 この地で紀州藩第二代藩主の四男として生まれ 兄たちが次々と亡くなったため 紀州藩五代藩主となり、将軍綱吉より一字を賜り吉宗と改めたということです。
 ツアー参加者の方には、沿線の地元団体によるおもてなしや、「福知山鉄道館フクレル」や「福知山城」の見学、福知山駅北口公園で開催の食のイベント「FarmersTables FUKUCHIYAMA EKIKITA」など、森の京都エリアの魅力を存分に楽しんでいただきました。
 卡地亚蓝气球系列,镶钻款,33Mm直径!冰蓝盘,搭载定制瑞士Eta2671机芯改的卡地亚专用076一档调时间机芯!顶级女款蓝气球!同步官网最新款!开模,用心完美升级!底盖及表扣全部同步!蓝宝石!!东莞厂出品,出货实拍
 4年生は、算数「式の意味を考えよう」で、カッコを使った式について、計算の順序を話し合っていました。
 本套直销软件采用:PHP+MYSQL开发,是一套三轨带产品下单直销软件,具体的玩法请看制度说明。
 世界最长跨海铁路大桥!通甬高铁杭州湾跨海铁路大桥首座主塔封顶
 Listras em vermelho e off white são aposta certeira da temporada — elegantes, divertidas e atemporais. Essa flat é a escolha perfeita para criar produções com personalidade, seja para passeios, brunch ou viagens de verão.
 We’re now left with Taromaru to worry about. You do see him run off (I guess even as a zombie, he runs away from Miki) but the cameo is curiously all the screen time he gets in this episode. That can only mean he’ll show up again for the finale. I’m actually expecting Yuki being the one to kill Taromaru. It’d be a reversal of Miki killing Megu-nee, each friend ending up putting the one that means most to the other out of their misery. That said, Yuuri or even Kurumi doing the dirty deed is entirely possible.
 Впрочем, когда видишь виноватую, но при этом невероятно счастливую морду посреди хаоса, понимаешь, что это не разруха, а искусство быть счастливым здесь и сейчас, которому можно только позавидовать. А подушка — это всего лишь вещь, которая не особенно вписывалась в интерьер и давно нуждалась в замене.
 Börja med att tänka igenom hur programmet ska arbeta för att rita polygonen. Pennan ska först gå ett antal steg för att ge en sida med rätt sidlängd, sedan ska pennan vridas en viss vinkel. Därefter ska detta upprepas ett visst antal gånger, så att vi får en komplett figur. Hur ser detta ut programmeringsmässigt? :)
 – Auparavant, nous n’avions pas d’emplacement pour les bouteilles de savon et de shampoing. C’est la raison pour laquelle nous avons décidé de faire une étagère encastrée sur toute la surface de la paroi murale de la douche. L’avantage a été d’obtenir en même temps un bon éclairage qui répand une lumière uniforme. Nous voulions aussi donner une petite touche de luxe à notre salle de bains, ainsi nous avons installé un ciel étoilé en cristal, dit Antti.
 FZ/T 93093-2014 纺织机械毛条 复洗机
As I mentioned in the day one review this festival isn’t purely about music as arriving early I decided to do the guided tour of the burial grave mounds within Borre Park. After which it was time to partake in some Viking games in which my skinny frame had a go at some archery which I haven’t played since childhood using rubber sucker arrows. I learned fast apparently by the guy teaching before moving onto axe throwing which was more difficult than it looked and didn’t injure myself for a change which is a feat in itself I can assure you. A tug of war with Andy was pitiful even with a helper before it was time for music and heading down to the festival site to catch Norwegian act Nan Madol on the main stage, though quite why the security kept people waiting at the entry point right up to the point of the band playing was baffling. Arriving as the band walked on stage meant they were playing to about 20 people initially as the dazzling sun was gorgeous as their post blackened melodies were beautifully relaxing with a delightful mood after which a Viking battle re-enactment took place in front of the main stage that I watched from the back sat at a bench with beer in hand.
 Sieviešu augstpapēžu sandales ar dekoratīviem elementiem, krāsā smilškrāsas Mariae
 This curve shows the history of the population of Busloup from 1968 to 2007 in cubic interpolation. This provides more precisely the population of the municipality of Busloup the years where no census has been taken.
········
== EXERCISE REQUIREMENTS ==
Exactly reproduce every line of the data above.

== FINISHED TASK ==
 この地で紀州藩第二代藩主の四男として生まれ 兄たちが次々と亡くなったため 紀州藩五代藩主となり、将軍綱吉より一字を賜り吉宗と改めたということです。
 ツアー参加者の方には、沿線の地元団体によるおもてなしや、「福知山鉄道館フクレル」や「福知山城」の見学、福知山駅北口公園で開催の食のイベント「FarmersTables FUKUCHIYAMA EKIKITA」など、森の京都エリアの魅力を存分に楽しんでいただきました。
 卡地亚蓝气球系列,镶钻款,33Mm直径!冰蓝盘,搭载定制瑞士Eta2671机芯改的卡地亚专用076一档调时间机芯!顶级女款蓝气球!同步官网最新款!开模,用心完美升级!底盖及表扣全部同步!蓝宝石!!东莞厂出品,出货实拍
 4年生は、算数「式の意味を考えよう」で、カッコを使った式について、計算の順序を話し合っていました。
 本套直销软件采用:PHP+MYSQL开发,是一套三轨带产品下单直销软件,具体的玩法请看制度说明。
 世界最长跨海铁路大桥!通甬高铁杭州湾跨海铁路大桥首座主塔封顶
 Listras em vermelho e off white são aposta certeira da temporada — elegantes, divertidas e atemporais. Essa flat é a escolha perfeita para criar produções com personalidade, seja para passeios, brunch ou viagens de verão.
 We’re now left with Taromaru to worry about. You do see him run off (I guess even as a zombie, he runs away from Miki) but the cameo is curiously all the screen time he gets in this episode. That can only mean he’ll show up again for the finale. I’m actually expecting Yuki being the one to kill Taromaru. It’d be a reversal of Miki killing Megu-nee, each friend ending up putting the one that means most to the other out of their misery. That said, Yuuri or even Kurumi doing the dirty deed is entirely possible.
 Впрочем, когда видишь виноватую, но при этом невероятно счастливую морду посреди хаоса, понимаешь, что это не разруха, а искусство быть счастливым здесь и сейчас, которому можно только позавидовать. А подушка — это всего лишь вещь, которая не особенно вписывалась в интерьер и давно нуждалась в замене.
 Börja med att tänka igenom hur programmet ska arbeta för att rita polygonen. Pennan ska först gå ett antal steg för att ge en sida med rätt sidlängd, sedan ska pennan vridas en viss vinkel. Därefter ska detta upprepas ett visst antal gånger, så att vi får en komplett figur. Hur ser detta ut programmeringsmässigt? :)
 – Auparavant, nous n’avions pas d’emplacement pour les bouteilles de savon et de shampoing. C’est la raison pour laquelle nous avons décidé de faire une étagère encastrée sur toute la surface de la paroi murale de la douche. L’avantage a été d’obtenir en même temps un bon éclairage qui répand une lumière uniforme. Nous voulions aussi donner une petite touche de luxe à notre salle de bains, ainsi nous avons installé un ciel étoilé en cristal, dit Antti.
 FZ/T 93093-2014 纺织机械毛条 复洗机
As I mentioned in the day one review this festival isn’t purely about music as arriving early I decided to do the guided tour of the burial grave mounds within Borre Park. After which it was time to partake in some Viking games in which my skinny frame had a go at some archery which I haven’t played since childhood using rubber sucker arrows. I learned fast apparently by the guy teaching before moving onto axe throwing which was more difficult than it looked and didn’t injure myself for a change which is a feat in itself I can assure you. A tug of war with Andy was pitiful even with a helper before it was time for music and heading down to the festival site to catch Norwegian act Nan Madol on the main stage, though quite why the security kept people waiting at the entry point right up to the point of the band playing was baffling. Arriving as the band walked on stage meant they were playing to about 20 people initially as the dazzling sun was gorgeous as their post blackened melodies were beautifully relaxing with a delightful mood after which a Viking battle re-enactment took place in front of the main stage that I watched from the back sat at a bench with beer in hand.
 Sieviešu augstpapēžu sandales ar dekoratīviem elementiem, krāsā smilškrāsas Mariae
 This curve shows the history of the population of Busloup from 1968 to 2007 in cubic interpolation. This provides more precisely the population of the municipality of Busloup the years where no census has been taken.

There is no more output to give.